→ **Task instructions**: Restate word for word all of the lines below, with each image left out.
Records for the exercise below:
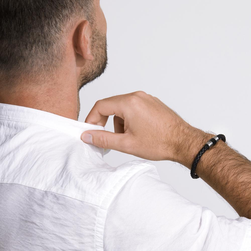 Pulsera para hombre elegante y moderna, confeccionada con cuero trenzado de alta calidad, acero inoxidable y cerámica. Combina durabilidad y estilo con un cierre magnético seguro, ideal para complementar cualquier look masculino con un toque sofisticado y contemporáneo.
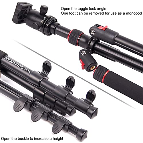 POLAM-FOTO 168.2cm/66.22" Camera Tripod, Made of Aluminum Alloy, Equipped with a Ball Head, Monopod Height of 68.89"/175cm, Comes with a Carrying Bag, Compatible with DSLR Cameras
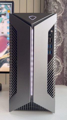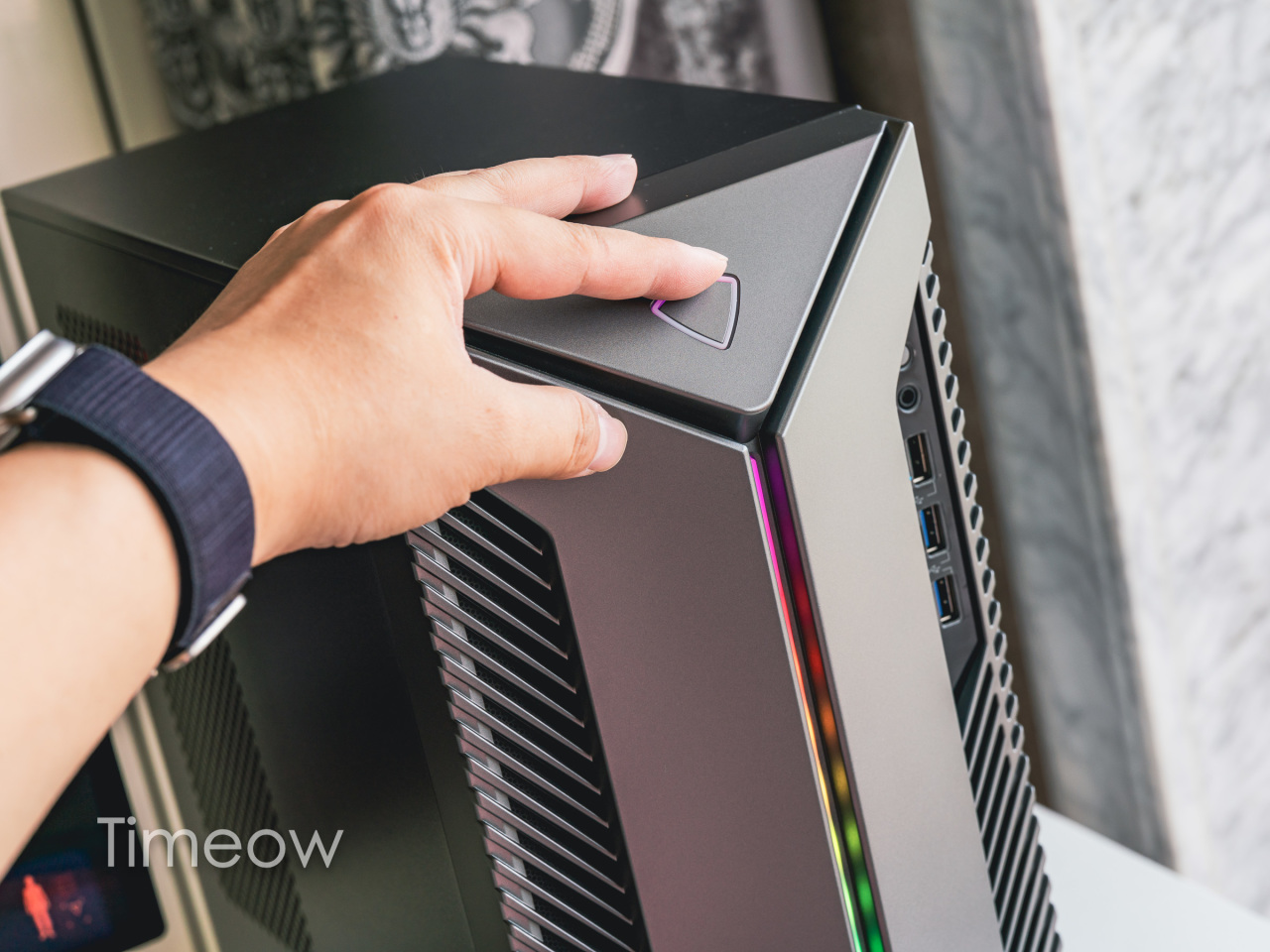 它的正面可以看做是由4个面组成,顶部有带灯的开机键、中间有一条RGB灯带元素,设计感满满。
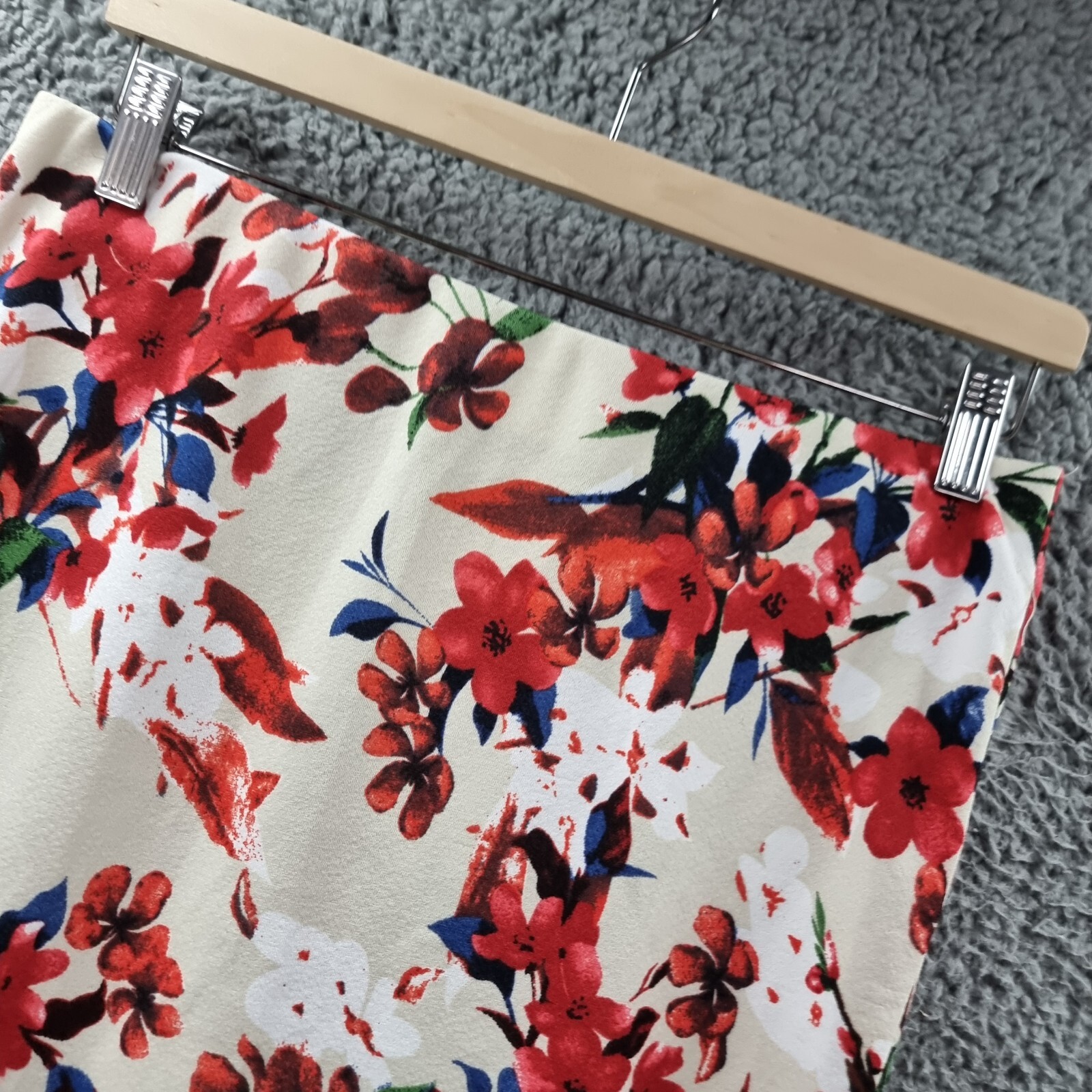 Absolutely love this skirt! The stretchy knit fabric is super comfortable, and the red and cream floral print is gorgeous. Fits perfectly—true to size—and hits just at the knee for a flattering look. Super fast shipping too, which is a huge plus. Highly recommend!
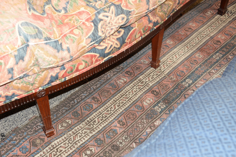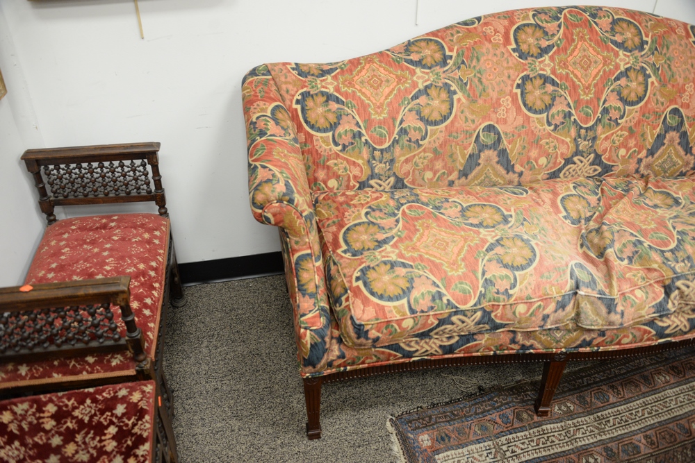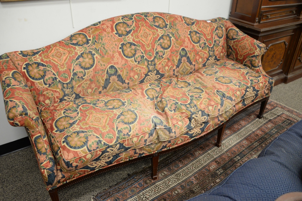 Lot 247: Margolis Federal Style Upholstered Sofa, having serpentine front and camelback, height 37 1/2 inches, length 79 inches.
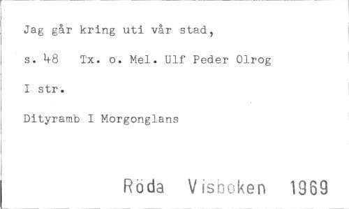 //// Jag går kring uti vår stad, //// s. bQ Tx. o. Mel. Ulf Peder Olrog //// I str. //// Dityramb I Morgonglans //// Röda Visboken 1969 ////
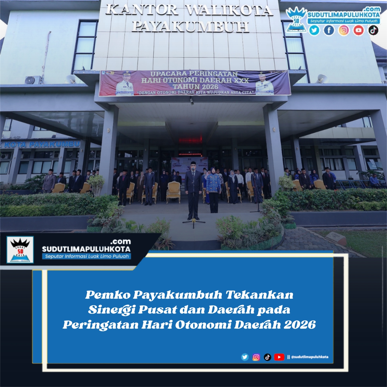 Payakumbuh, http://sudutlimapuluhkota.com — Pemerintah Kota (Pemko) Payakumbuh menegaskan pentingnya sinergi antara pemerintah pusat dan daerah dalam mempercepat pembangunan serta meningkatkan pelayanan publik pada upacara peringatan Hari Otonomi Daerah ke-30 Tahun 2026 di halaman Balai Kota Payakumbuh, pada Senin (27/04/2026).
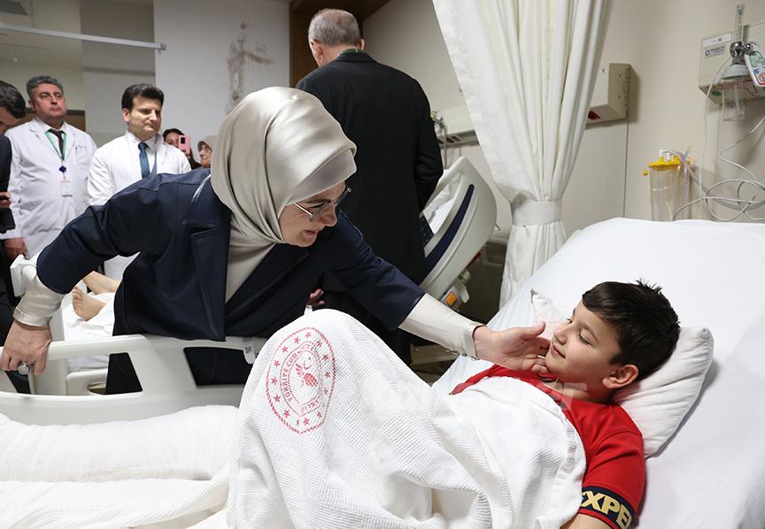 Emine Erdoğan, "Çam ve Sakura Şehir Hastanesi'nde tedavi gören depremzede vatandaşlarımızı ziyaret ettik. Kaybettiğimiz vatandaşlarımızın acısını yüreğimizde taşırken, gözyaşlarımızı birlik ve beraberlikle dindireceğiz." ifadelerini kullandı.
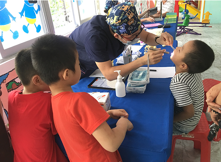 活動的主題為“愛護牙齒,從小做起”。此次義診旨在幫助兒童從小樹立愛牙、護牙意識,預(yù)防及檢查口腔健康情況,使孩子們擁有一口健康漂亮的牙齒。義診活動邀請了我院兒童齒科專家一同參與。義診內(nèi)容包括口腔檢查、口腔科普講座、趣味互動,通過檢查對兒童齲病做到“早發(fā)現(xiàn)、早診斷、早治療”,降低孩子因牙病造成的牙列不齊、齲齒等。除了口腔檢查,我院的醫(yī)護人員還走進教室,在幼兒園老師的幫助與支持下進行了趣味牙齒保健講座,讓孩子們從小就培養(yǎng)愛牙護牙的意識。
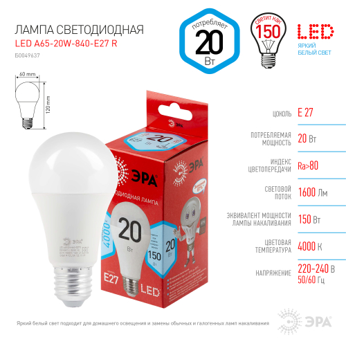 Эта светодиодная лампа ЭРА Серии Бюджет - современный, качественный и доступный источник света. Позволяет экономить до 90% электроэнергии по сравнению с лампой накаливания с аналогичным световым потоком. Светит ярким белым светом, который максимально приближен к естественному дневному. Идеальна для ежедневного применения в быту. Мгновенное включение. Ровное освещение. Можно использовать как с люстрами, так и со светильниками, в том числе настольными и бра.
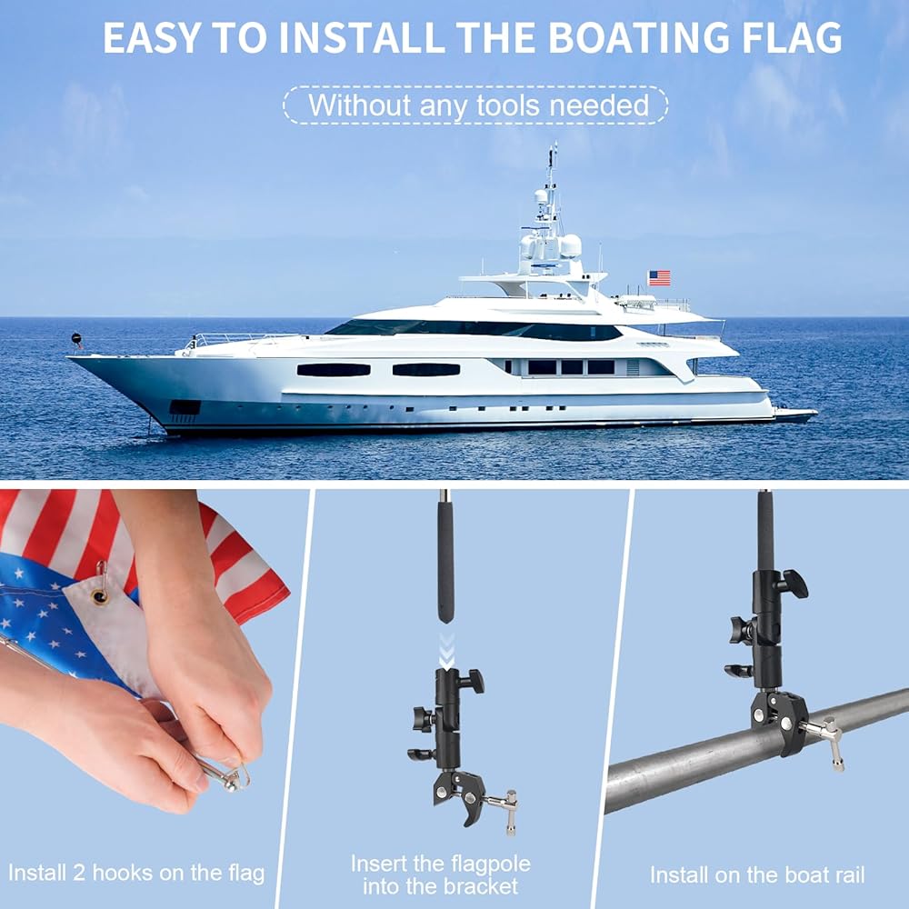 【الفولاذ المقاوم للصدأ الفاخر】طقم عمود العلم الأمريكي للقارب مصنوع من الفولاذ المقاوم للصدأ 304 وإطار من الألومنيوم لمقاومة الصدأ ومتانة طويلة الأمد. تضمن أعمدة العلم شديدة التحمل الثبات حتى في مواجهة النسيم. يتم ربط أعمدة العلم بسرعة بالقوارب، وتحافظ على العلم البرتقالي لأعلى أثناء التزلج وركوب الأمواج وركوب القوارب وما إلى ذلك، ولن يدور علم القارب البرتقالي للأسفل.
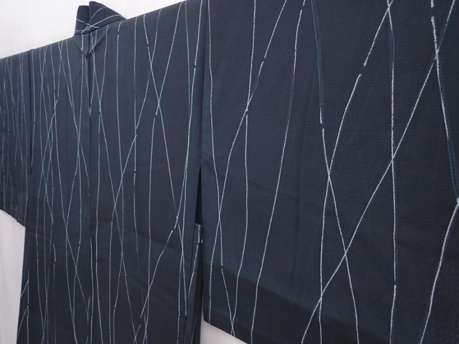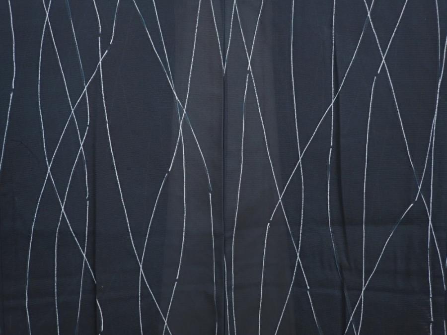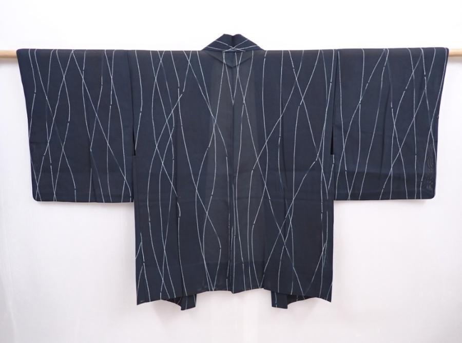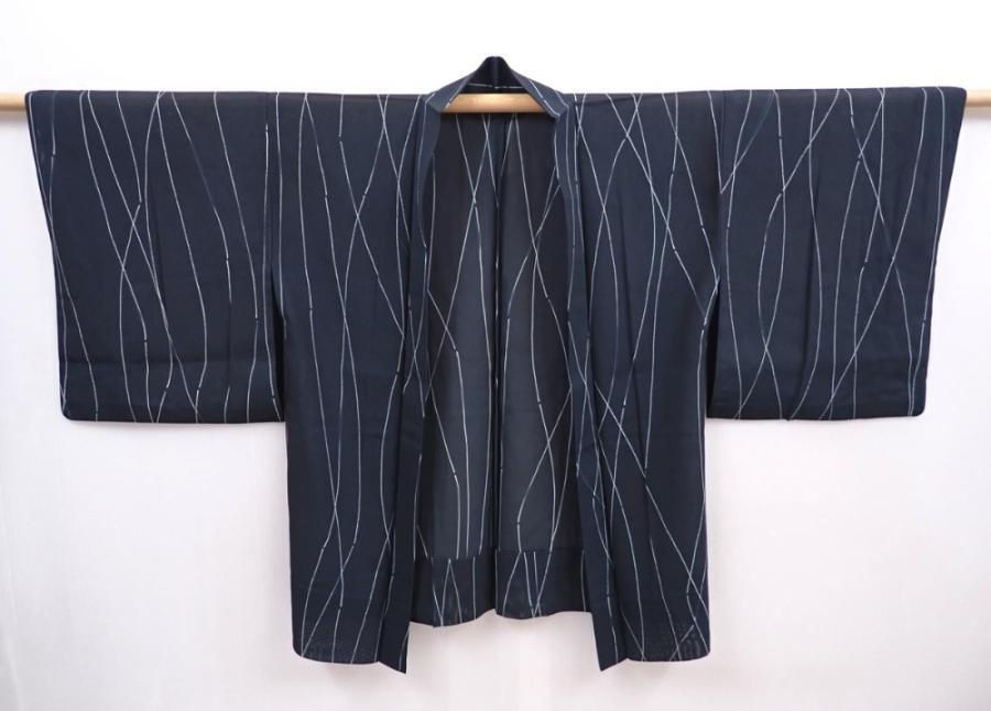 6001T01z310 Vintage Japanese Kimono Silk See through HAORI Dark green-gray
End of Records for the exercise.
→ **Solved exercise**:
 Pulsera para hombre elegante y moderna, confeccionada con cuero trenzado de alta calidad, acero inoxidable y cerámica. Combina durabilidad y estilo con un cierre magnético seguro, ideal para complementar cualquier look masculino con un toque sofisticado y contemporáneo.
 POLAM-FOTO 168.2cm/66.22" Camera Tripod, Made of Aluminum Alloy, Equipped with a Ball Head, Monopod Height of 68.89"/175cm, Comes with a Carrying Bag, Compatible with DSLR Cameras
 它的正面可以看做是由4个面组成,顶部有带灯的开机键、中间有一条RGB灯带元素,设计感满满。
 Absolutely love this skirt! The stretchy knit fabric is super comfortable, and the red and cream floral print is gorgeous. Fits perfectly—true to size—and hits just at the knee for a flattering look. Super fast shipping too, which is a huge plus. Highly recommend!
 Lot 247: Margolis Federal Style Upholstered Sofa, having serpentine front and camelback, height 37 1/2 inches, length 79 inches.
 //// Jag går kring uti vår stad, //// s. bQ Tx. o. Mel. Ulf Peder Olrog //// I str. //// Dityramb I Morgonglans //// Röda Visboken 1969 ////
 Payakumbuh, http://sudutlimapuluhkota.com — Pemerintah Kota (Pemko) Payakumbuh menegaskan pentingnya sinergi antara pemerintah pusat dan daerah dalam mempercepat pembangunan serta meningkatkan pelayanan publik pada upacara peringatan Hari Otonomi Daerah ke-30 Tahun 2026 di halaman Balai Kota Payakumbuh, pada Senin (27/04/2026).
 Emine Erdoğan, "Çam ve Sakura Şehir Hastanesi'nde tedavi gören depremzede vatandaşlarımızı ziyaret ettik. Kaybettiğimiz vatandaşlarımızın acısını yüreğimizde taşırken, gözyaşlarımızı birlik ve beraberlikle dindireceğiz." ifadelerini kullandı.
 活動的主題為“愛護牙齒,從小做起”。此次義診旨在幫助兒童從小樹立愛牙、護牙意識,預(yù)防及檢查口腔健康情況,使孩子們擁有一口健康漂亮的牙齒。義診活動邀請了我院兒童齒科專家一同參與。義診內(nèi)容包括口腔檢查、口腔科普講座、趣味互動,通過檢查對兒童齲病做到“早發(fā)現(xiàn)、早診斷、早治療”,降低孩子因牙病造成的牙列不齊、齲齒等。除了口腔檢查,我院的醫(yī)護人員還走進教室,在幼兒園老師的幫助與支持下進行了趣味牙齒保健講座,讓孩子們從小就培養(yǎng)愛牙護牙的意識。
 Эта светодиодная лампа ЭРА Серии Бюджет - современный, качественный и доступный источник света. Позволяет экономить до 90% электроэнергии по сравнению с лампой накаливания с аналогичным световым потоком. Светит ярким белым светом, который максимально приближен к естественному дневному. Идеальна для ежедневного применения в быту. Мгновенное включение. Ровное освещение. Можно использовать как с люстрами, так и со светильниками, в том числе настольными и бра.
 【الفولاذ المقاوم للصدأ الفاخر】طقم عمود العلم الأمريكي للقارب مصنوع من الفولاذ المقاوم للصدأ 304 وإطار من الألومنيوم لمقاومة الصدأ ومتانة طويلة الأمد. تضمن أعمدة العلم شديدة التحمل الثبات حتى في مواجهة النسيم. يتم ربط أعمدة العلم بسرعة بالقوارب، وتحافظ على العلم البرتقالي لأعلى أثناء التزلج وركوب الأمواج وركوب القوارب وما إلى ذلك، ولن يدور علم القارب البرتقالي للأسفل.
 6001T01z310 Vintage Japanese Kimono Silk See through HAORI Dark green-gray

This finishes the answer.